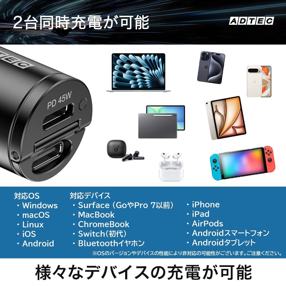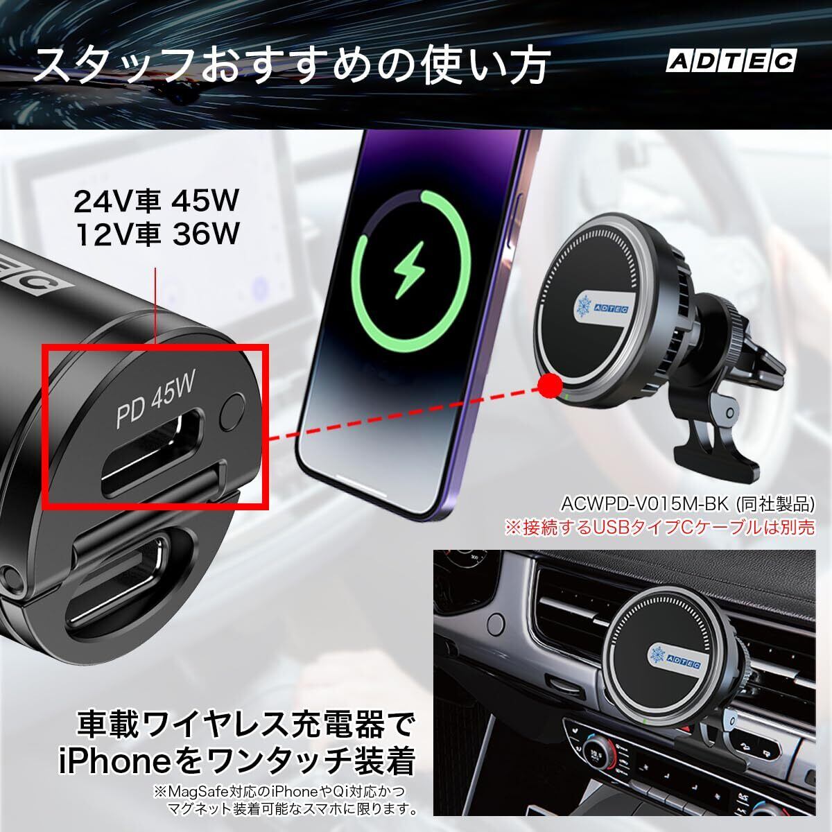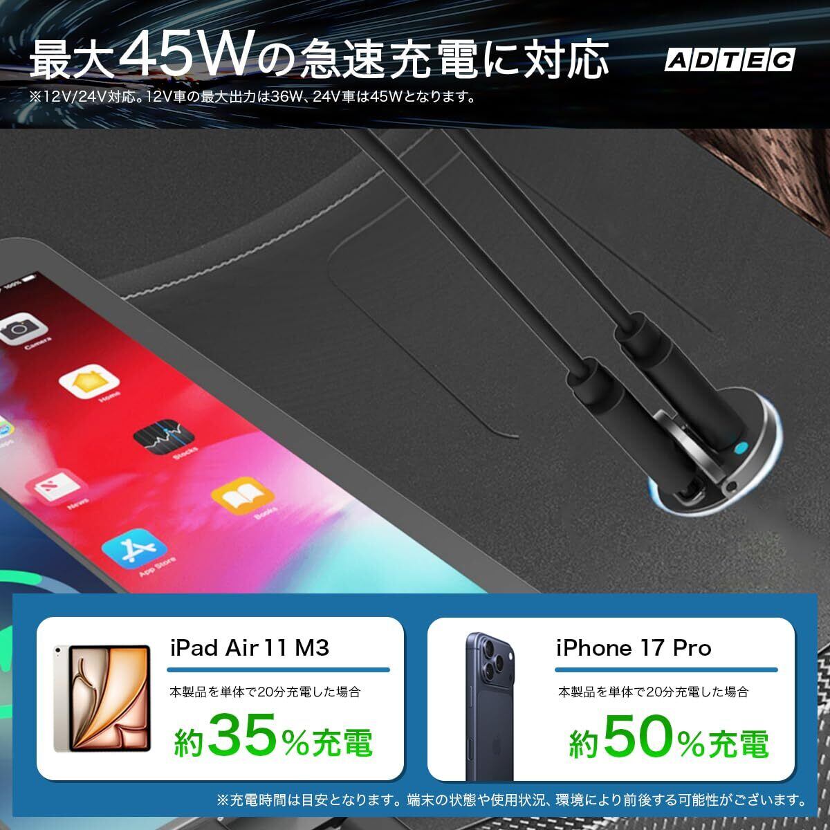 アドテック カーチャージャー 45W 超小型 ツライチ シガーソケット PD対応 PPS対応 急速充電 高速充電 36W出力 12V車対応 24V車対応 トラック 蓋が閉まる 車載充電器 iPhone 17 Air iPad Android タブレット ノートパソコン スマートフォン Switch Type-C 軽量 コンパクト ブラック ACPD-V045C2
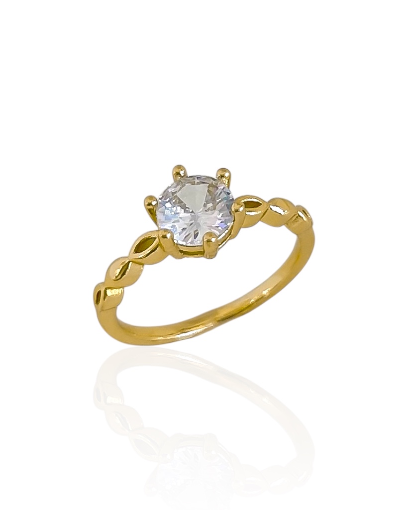 Anel Solitário com Zircônia Cristal e Gotas nas Laterais - Banho de Ouro 18k
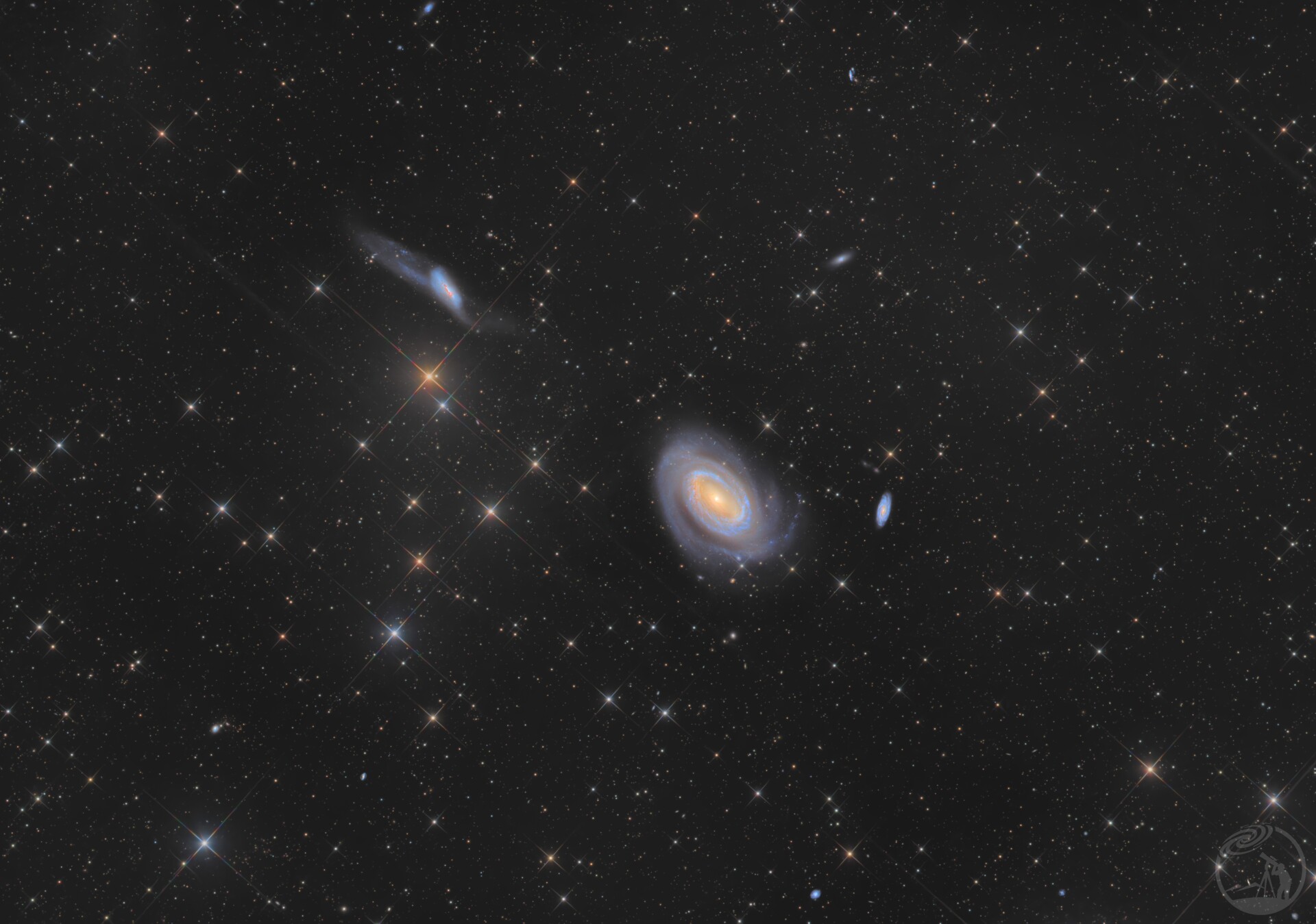 背景中布满了密集的场星,涵盖了从亮蓝色到橙红色的不同光谱类型恒星,部分亮星呈现出明显的衍射芒。这些前景恒星与背景星系共同构成了丰富的深空视场。NGC 4725与NGC 4747在视线上距离较近,尽管它们在物理空间上可能相距数百万光年,但在二维天球投影上形成了紧密的构图关系。画面右侧边缘还可见另一个较小的侧向星系,进一步丰富了该天区的深空细节。整体画面清晰地记录了这两个星系在形态、颜色及结构上的显著差异。
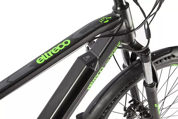 Cовременный электрический хардтейл Ultra Trend UP! с колёсами 27,5" оснащен быстросъёмной аккумуляторной батареей, изящно интегрированной в лёгкую алюминиевую раму. В комплектацию электровелосипеда входит прочный задний металлический багажник и пластиковые крылья.
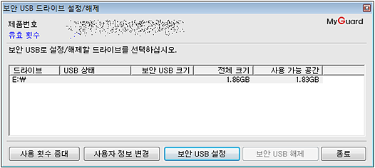 사용자가 USB의 공간을 이용하여 설정한 용량 만큼 보안USB를 생성합니다. 생성한 보안영역은 사용자 인증없이는 접근이 불가능합니다.
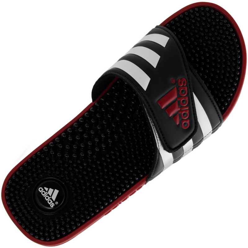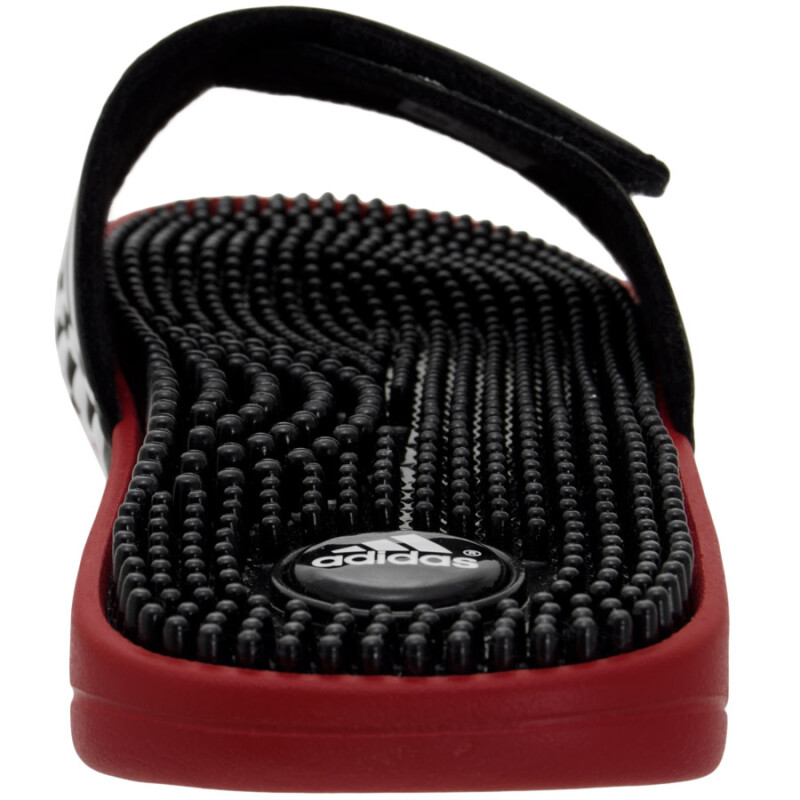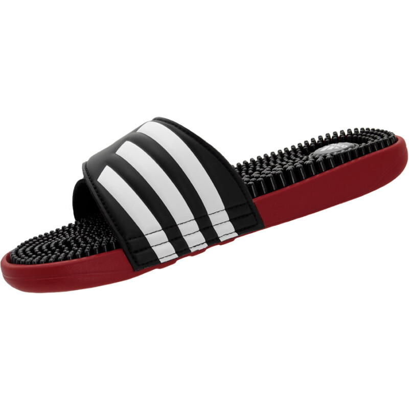 Em sua composição o adidas adissage conta com um sistema de massagem com pinos que promovem o diferencial do produto, além de sua alça que permite um encaixe perfeito.
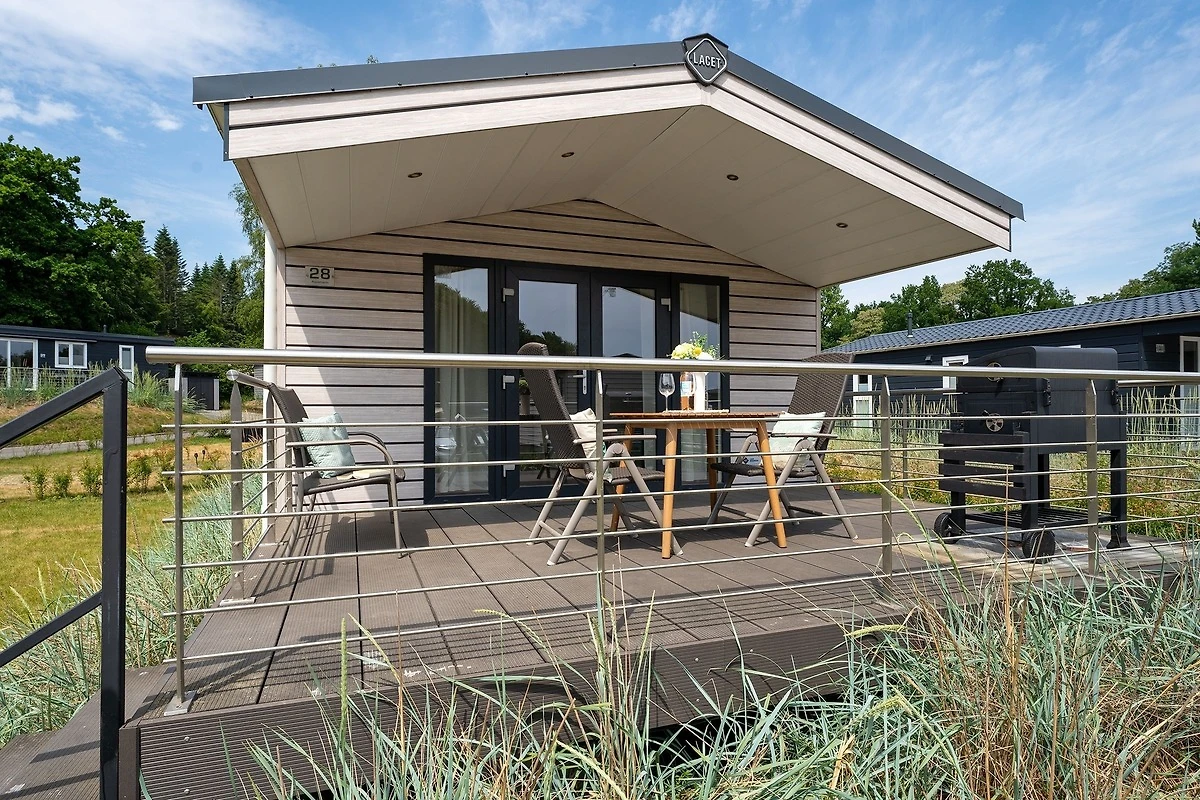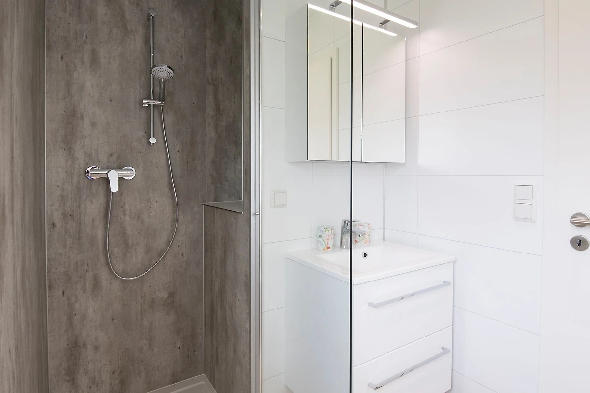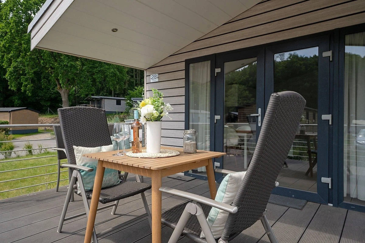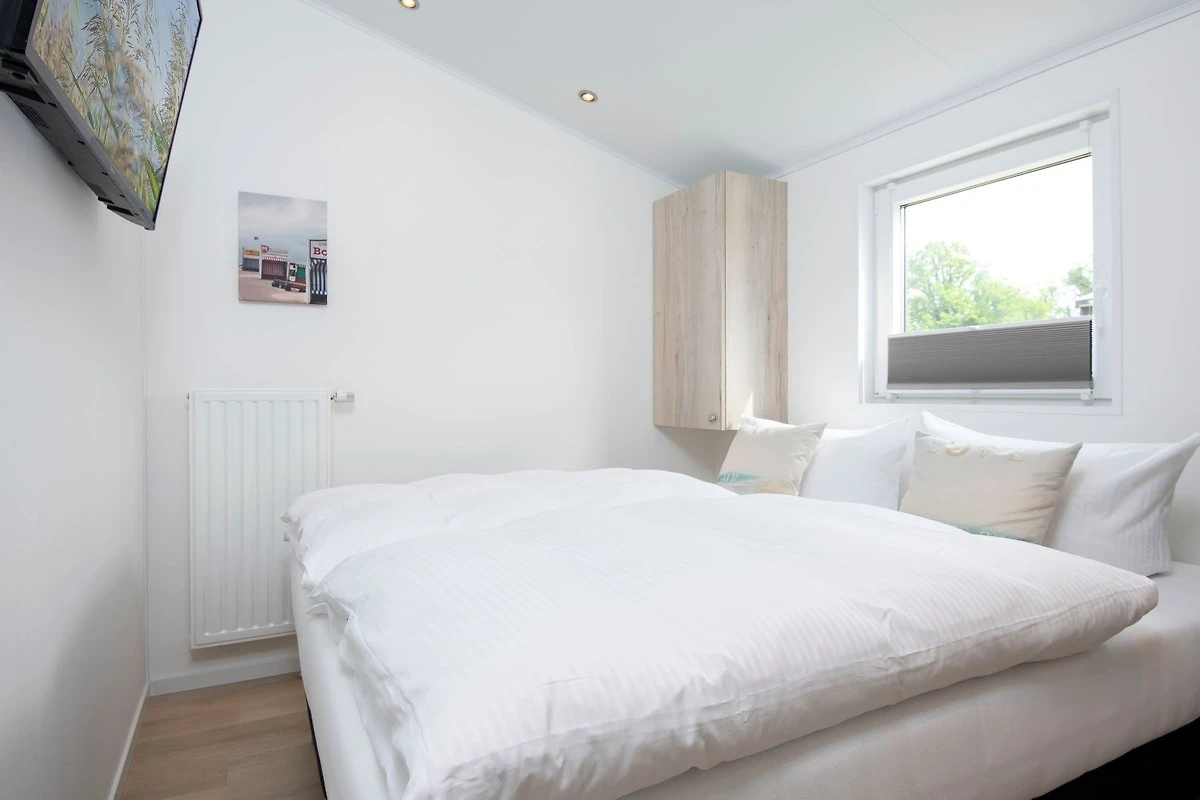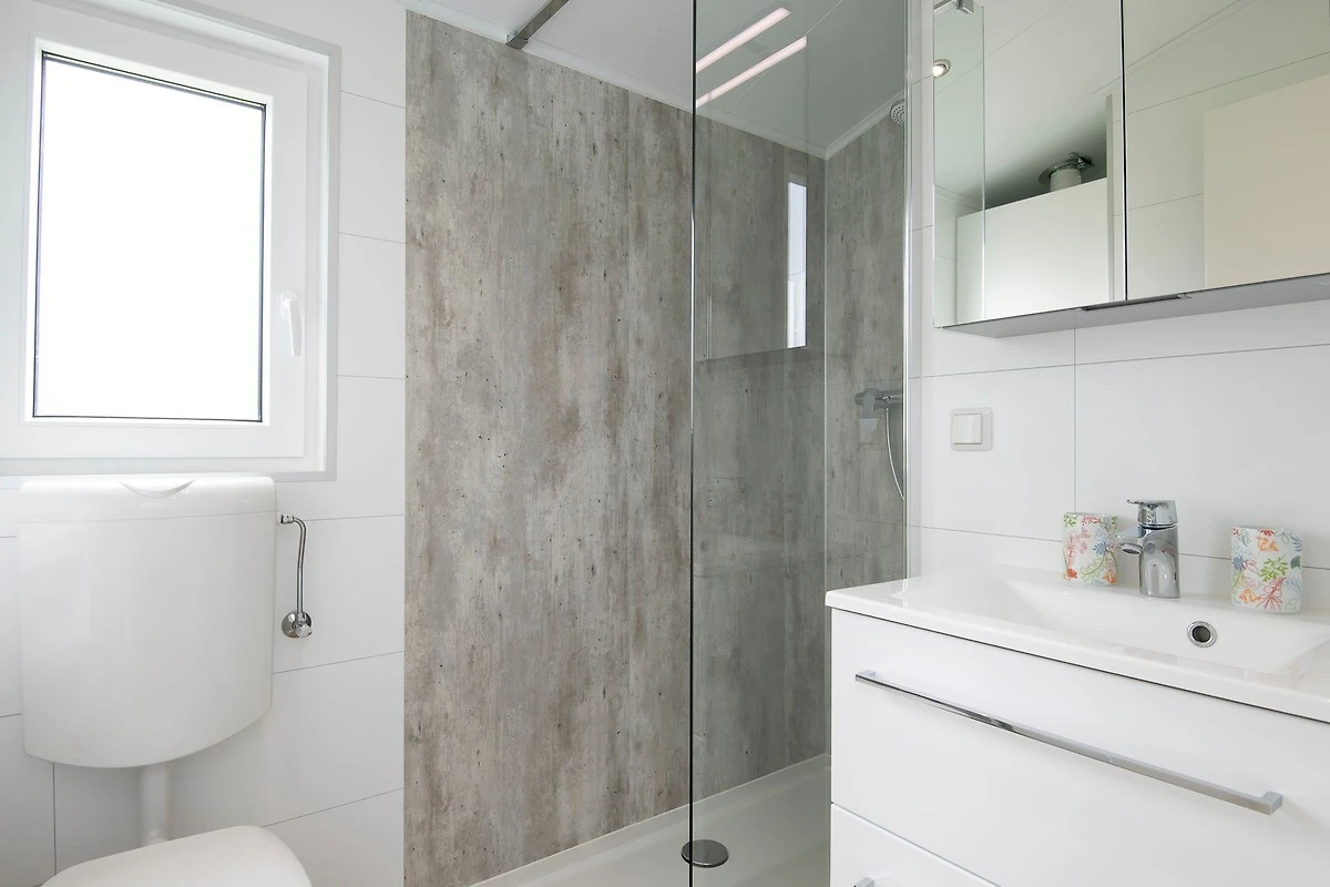 Die gesamte Raumaufteilung ist bis ins kleinste Detail durchdacht. Der kombinierte Wohn- und Essbereich verfügt über ein bequemes Sofa und über einen Esstisch, der ausreichend Platz für bis zu 4 Personen bietet. Die zum Wohnbereich offene Küche mit hellen Fronten lädt zu gemeinsamen Kochabenden mit der Familie oder Freunden ein. In der Küche sind alle Notwendigkeiten wie z. B. ein Kühlschrank, eine Mikrowelle (Kombigerät mit Backofenfunktion) und auch ein Geschirrspüler vorhanden. Eine Kaffee-Kapselmaschine (Nespresso) sorgt für den täglichen Kaffeegenuss morgens beim Frühstück oder nachmittags zum Kuchen. Ein Schlafzimmer empfängt Sie mit einem komfortablen Doppelbett (2x 80x200 cm), einem Kleiderschrank und einem Fernseher. Im anderen Schlafzimmer befinden sich zwei getrennt stehende Einzelbetten (je 80x200 cm) und ein Kleiderschrank. Die Fenster in beiden Schlafzimmern lassen sich mit Plissees angenehm verdunkeln. Im kleinen, hell gefliesten Badezimmer mit Fenster sind eine Dusche und Ablagemöglichkeiten für Ihre Badutensilien vorhanden. Ein beheizbarer Handtuchhalter sorgt für zusätzlichen Komfort. Ein Highlight dieser Ferienunterkunft ist die möblierte, überdachte Terrasse mit Grill, auf der Sie Ihren Urlaub in vollen Zügen geniessen können. Der WLAN-Anschluss ist für Sie selbstverständlich inklusive.
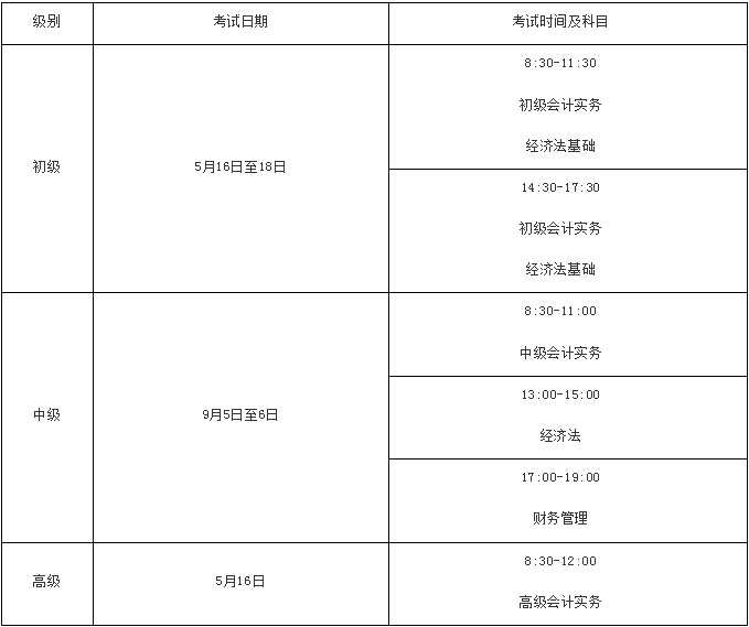 4、2026年5月16日至18日,组织初级会计资格考试,5月16日组织高级会计资格考试。
—————
* **Requirement**: Each line from the one with "Cовременный электрический хардтейл" to the final line of the data above is to be printed exactly; no picture should appear in the copy.

* **Solution for this exercise**:
 Cовременный электрический хардтейл Ultra Trend UP! с колёсами 27,5" оснащен быстросъёмной аккумуляторной батареей, изящно интегрированной в лёгкую алюминиевую раму. В комплектацию электровелосипеда входит прочный задний металлический багажник и пластиковые крылья.
 사용자가 USB의 공간을 이용하여 설정한 용량 만큼 보안USB를 생성합니다. 생성한 보안영역은 사용자 인증없이는 접근이 불가능합니다.
 Em sua composição o adidas adissage conta com um sistema de massagem com pinos que promovem o diferencial do produto, além de sua alça que permite um encaixe perfeito.
 Die gesamte Raumaufteilung ist bis ins kleinste Detail durchdacht. Der kombinierte Wohn- und Essbereich verfügt über ein bequemes Sofa und über einen Esstisch, der ausreichend Platz für bis zu 4 Personen bietet. Die zum Wohnbereich offene Küche mit hellen Fronten lädt zu gemeinsamen Kochabenden mit der Familie oder Freunden ein. In der Küche sind alle Notwendigkeiten wie z. B. ein Kühlschrank, eine Mikrowelle (Kombigerät mit Backofenfunktion) und auch ein Geschirrspüler vorhanden. Eine Kaffee-Kapselmaschine (Nespresso) sorgt für den täglichen Kaffeegenuss morgens beim Frühstück oder nachmittags zum Kuchen. Ein Schlafzimmer empfängt Sie mit einem komfortablen Doppelbett (2x 80x200 cm), einem Kleiderschrank und einem Fernseher. Im anderen Schlafzimmer befinden sich zwei getrennt stehende Einzelbetten (je 80x200 cm) und ein Kleiderschrank. Die Fenster in beiden Schlafzimmern lassen sich mit Plissees angenehm verdunkeln. Im kleinen, hell gefliesten Badezimmer mit Fenster sind eine Dusche und Ablagemöglichkeiten für Ihre Badutensilien vorhanden. Ein beheizbarer Handtuchhalter sorgt für zusätzlichen Komfort. Ein Highlight dieser Ferienunterkunft ist die möblierte, überdachte Terrasse mit Grill, auf der Sie Ihren Urlaub in vollen Zügen geniessen können. Der WLAN-Anschluss ist für Sie selbstverständlich inklusive.
 4、2026年5月16日至18日,组织初级会计资格考试,5月16日组织高级会计资格考试。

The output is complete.